Haemoglobin and erythrocytes are indicators of the oxygen uptake capacity of birds. They give information about the average cell size, the amount of haemoglobin and the proportion of haemoglobin content in erythrocytes. Mean Corpuscular Haemoglobin Concentration is a precise red blood cell index. Its higher levels in the blood indicate haemolysis. Platelets play an important role in the healing process of injury. All these haematological parameters help to elaborate the metabolic status of birds. They also highlight nutritional deficiencies of birds (Dimitrijević et al. 2016). Many studies have been done to profile haematological parameters of pheasants (Hauptmanova et al. 2006; Masek et al. 2007; Kececi and ÇÖL 2011; Hrabcakova et al. 2014). Few studies have focused on peafowls (Samour et al. 2010; Xiao-xia et al., 2015; Kumar et al. 2017). All the studies have focused on either providing reference haematological values or checking the effect of sex and age on these values. Anti-helminthic drug studies have been mostly done to check the comparative efficacy of one or more drugs against gastrointestinal parasites in peafowls (Ashraf et al. 2002; Basit et al. 2014), pheasants (Draycott et al. 2006) and other birds (Schou and Permin 2003; Grandemange et al. 2007; Tucker et al. 2007; Khan et al. 2010).

The present research was designed to investigate the combined effect of parasite load and drugs (Albendazole and Levamisole) use on some haemotlogical parameters of peafowls. Results of this study have been compared with the taxonomically related and other avian species wherever possible. For the sake of equal comparison, units of haematological parameters in the literature were converted to units used in the current study.

2. Materials and methods

2.1. Sampling site

P. cristatus were sampled from the Jallo Wildlife Park in Punjab, Pakistan. The park was selected for the availability of Indian Peafowls in ample numbers, permission to hold drug trials and permission for blood sampling. The selected Park is in a semi-arid plain area of Punjab at an elevation of 217 m. Its average temperature ranges 10-45°C with an average annual rainfall of about 628 mm (Figure 1).

Figure 1. Map of Punjab showing study sites.

2.2. Selection of Birds and trail set-p

Twenty Indian Peafowls aged between 3 and 6 years and weighed 3.5–5 kg were selected. These peafowls represented no signs of illness or disease. Sampling was done in the non-breeding season from September to October 2022. Feed and water were given as per routine. Peafowls were not shifted to new cages for trial to avoid additional stress. For the control group birds from each cage were randomly sampled. Since birds were never moved to new cages, there was no need for an acclimatization period. It was made sure that all factors (season, nutrition and cages) remained the same so that the comparative effect of both drugs on haematological parameters could be observed.

2.3. Sampling plan and drug trial

For drug treatment, on day 1, when no drug was given twenty birds were sampled.
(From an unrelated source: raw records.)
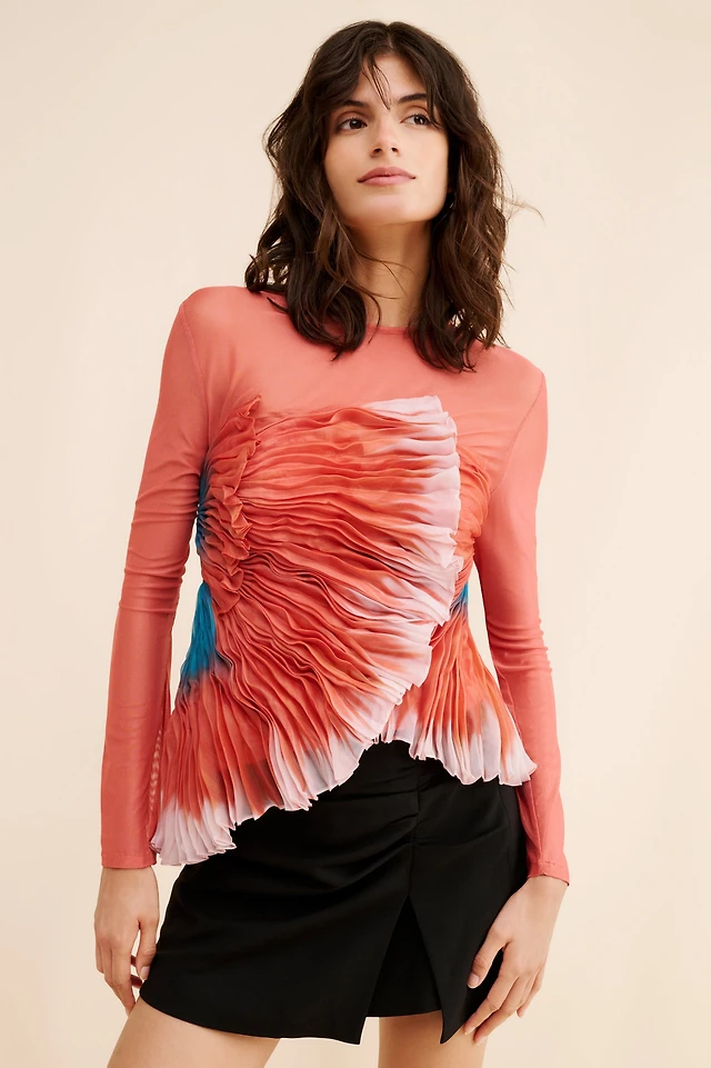 By Anthropologie 3D Floral Short-Sleeve Crew-Neck Sweater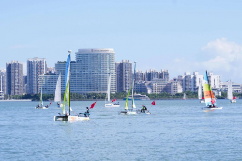 随着海口湾畅通工程、西海岸贯通更新工程的完工,海口海岸线上构建起一个个滨海城市体育空间,形成滨海人居风景线,让城市和生活空间更美好。在本次比赛的开幕式上,120余名大众爱好者,与专业选手组成海上巡游编队,从码头起航,经过海口自在湾、世纪大桥、华彩·海口湾广场、云洞图书馆等海口核心地标,展现海口优美的滨海风光和城市天际线。片片彩帆与碧海蓝天共同组成一幅独属于海口这座帆船城市的美丽画卷。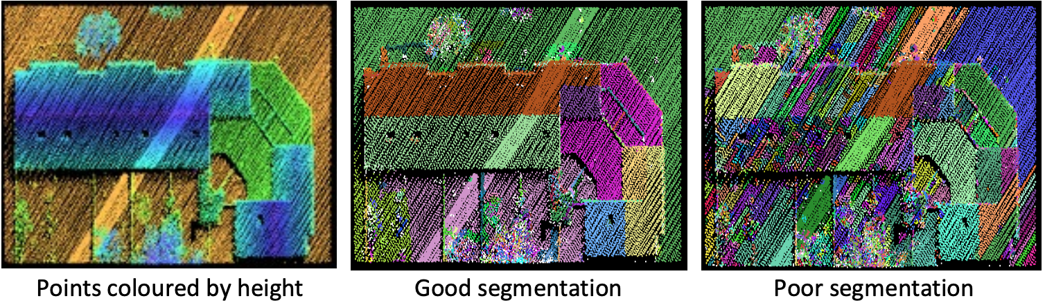 The extraction of planar faces is the first step in many procedures for 3D modelling of buildings. The left picture below shows a point cloud of a building (and some fences and vegetation) coloured by height. In the other two pictures, the points have been coloured by segment number. Points that were recognised to be in the same planar face were given the same segment number. In the case of the middle picture, the segmentation has been successful. All planar roof faces have been correctly identified. The right picture shows an example of an over-segmentation. Due to non-optimal parameter settings, many roof faces are split into multiple segments.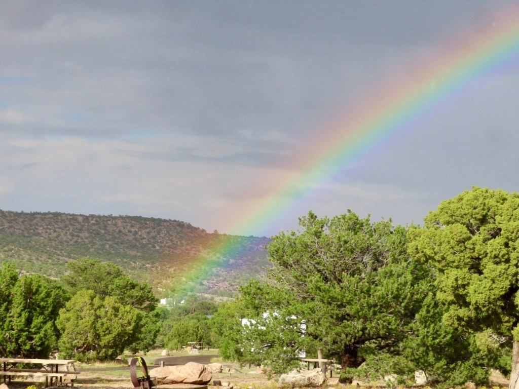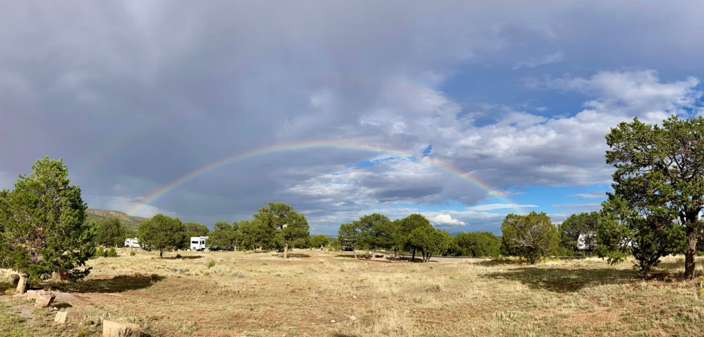 It began drizzling so I moved on and rode a short distance into the little community of Bluewater. A magnificent rainbow greeted me on the way out of the park.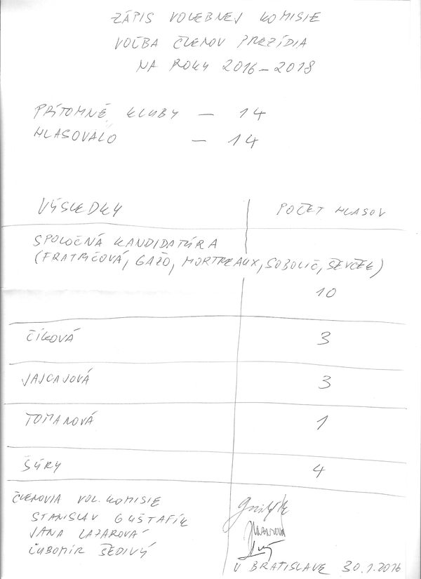pSFP dalo výzvu klubom, aby sa do 2015-12-15 nominovali svojich členov do nového pSFP a RevK (2016-2018) v posledných zápisoch z pSFP 2015. Do daného termínu sa neprihlásil žiadny kandidát.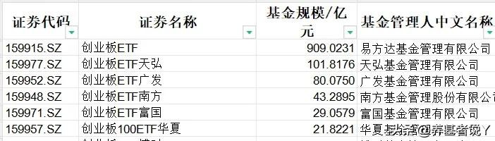 创业板指:易方达、天弘、广发
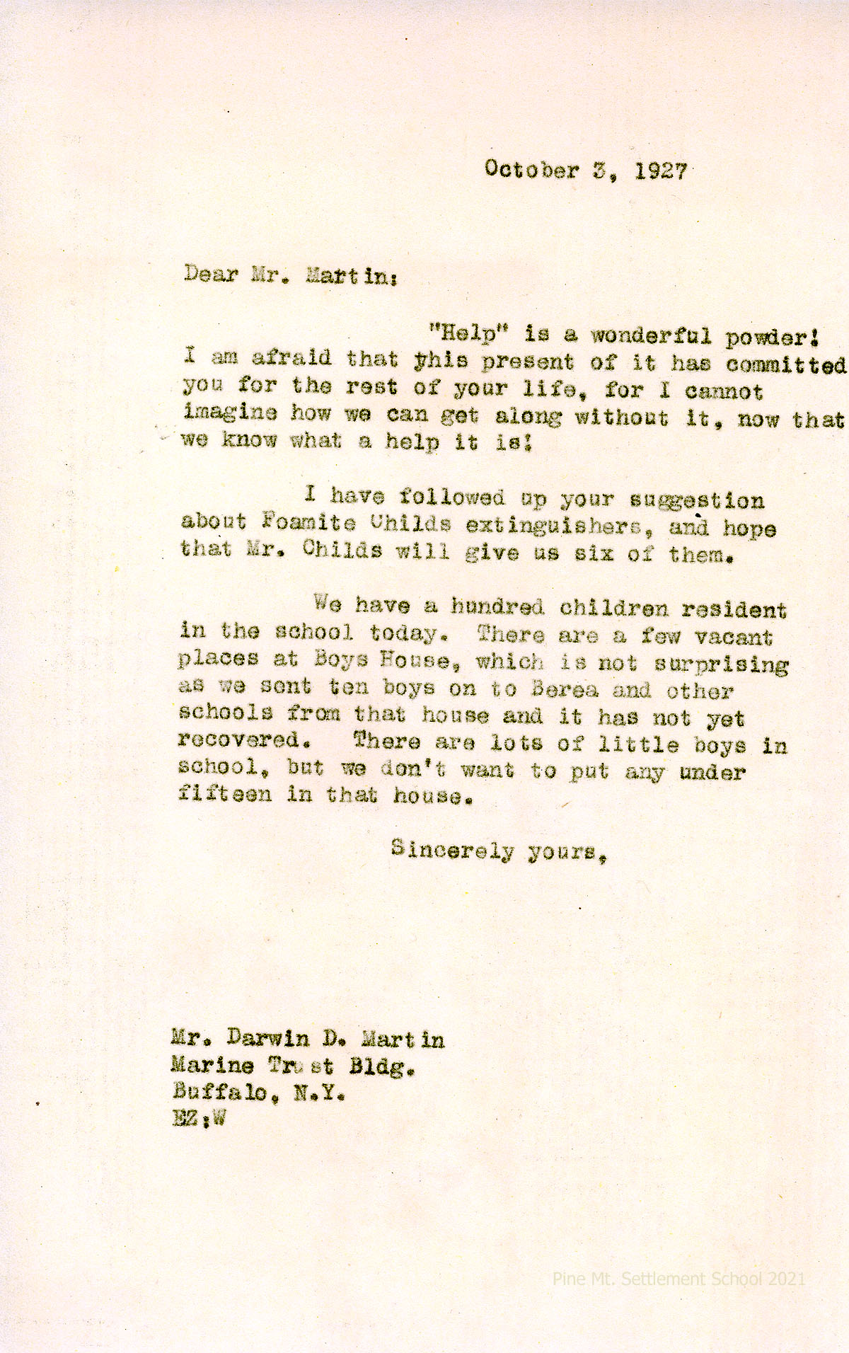 Martin is happy to supply PMSS with “Help” and compares the hardness of the water in Buffalo, his new country home on Lake Erie, and in Kentucky. He ponders how useful a Permutit water softener or collection of rainwater would benefit PMSS; suggests that an alternative to Foamite Childs fire extinguisher could be La France Fire Engine Co., Elmira, NY. Dr. Severance frequently asks if Mrs. Parke is at PMSS.

This was considered as the control group. After first sampling all selected Peafowls were divided into two groups. One group was given Albendazole and the other group was given Levamisole. They were housed in separate cages for convenience. Peafowls were given single doses of Albendazole (20 mg/kg body weight) and Levamisole (25 mg/kg body weight) in drinking water as prescribed by the label. To make peafowls thirsty, water was removed from the cages one day before the administration of drugs. Drug-added water was changed twice a day to ensure efficient consumption of drugs. Fecal and blood samples were collected thrice, i.e. once from the control group on Day 1 before dividing into two treatment groups and twice (Day 7 and Day 15) after the administration of anti-helminthic drugs.
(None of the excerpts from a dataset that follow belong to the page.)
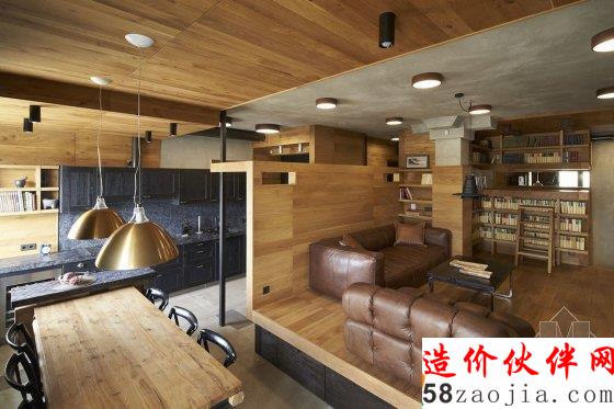 被抬高的客厅在前半部分的正中间,它作为一个家庭中沟通交流的枢纽。客厅旁有一个适合儿童的看书的角落,柜子的中间被“切断”,构成一个看书的桌面,上面的吊柜可供大人使用或者利用移动楼梯拿取,橡木做的地板、天花板、书柜和楼梯将这个空间包裹起来,显得居家而古典。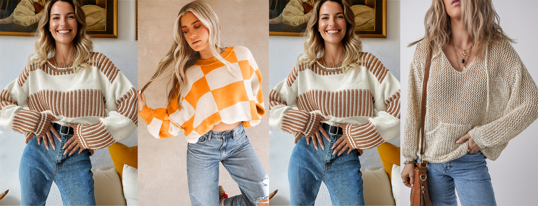 Horse Shoe Pattern Contrast Trim Short Sleeve Sweater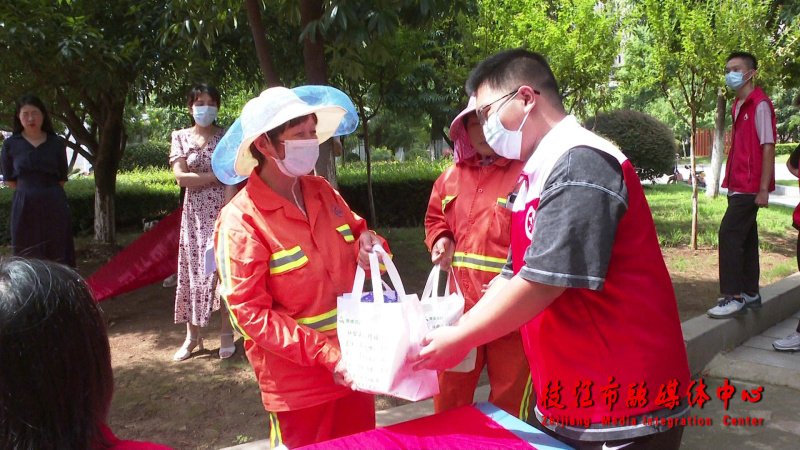 枝江融媒(记者 徐露)不惧高温,坚守岗位,烈日下,环卫工人的身影令人敬佩。7月22日,丹阳社区组织志愿者开展“高温在头顶,关爱在我心”系列活动,为环卫工人送上清凉和关爱。

2.4. Collection and transportation of blood sample

A total of 180 blood samples were taken. Peafowls were captured and restrained. A brachial vein was exposed by spreading the wing. About 3 ml of blood was drawn, and pressure was applied on the puncture site for 30 s to stop bleeding. Blood was transferred to a vacutainer containing EDTA. Samples were placed in a handling pack for safe transport to the Research Laboratory of Zoology Department, Government College University Faisalabad for analysis. Analysis of blood samples was done within 24 h of collection.
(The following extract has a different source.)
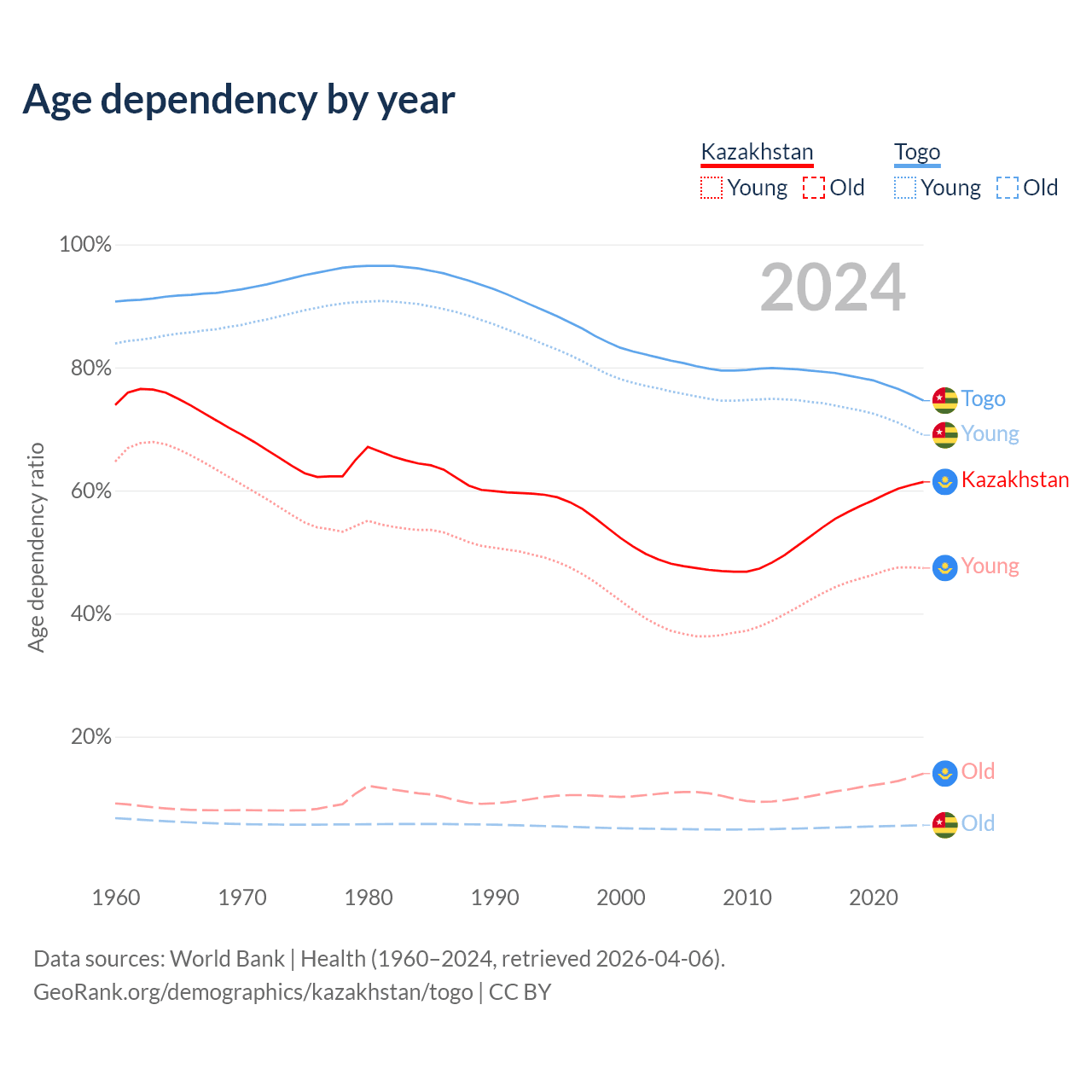 - The share of old-age demographic (65+) in Kazakhstan is 8.65% vs 3.21% in Togo.

2.5. Analysis of blood samples

Haematological parameters were analysed by running the whole blood samples in the Beckman Coulter AcT Diff Hematology Analyzer (Manufacturer: Beckman Coulter, Tokyo, Japan). Protocol of the kit was followed. Blood samples were brought to room temperature before analysis. Whole blood mode was opted for sample identification and a range was set. The probe was dipped in the sample to get values. Readings displayed on the screen were noted on data sheets. Standard measuring units were used for all parameters. The following haematological parameters were measured: White Blood Cell (WBC), Red Blood Cell (RBC), Red Cell Distribution Width - Coefficient of Variation (RDW-CV) and the Red Cell Distribution Width - Standard Deviation (RDW-SD) haemoglobin (HBG), Haematocrit (HCT), Mean Cell Volume (MCV), Mean Cell Haemoglobin (MCH), mean Cell Haemoglobin Concentration (MCHC), Red Cell Distribution Width (RDW), Platelet count (PLT) and Mean Platelet Volume (MPV). A Blood smear was also performed for manual WBC cell differentiation and determination of percentages and absolute values of Lymphocytes, neutrophils, eosinophils, basophils and monocytes (GRA) and other white blood cells (MID).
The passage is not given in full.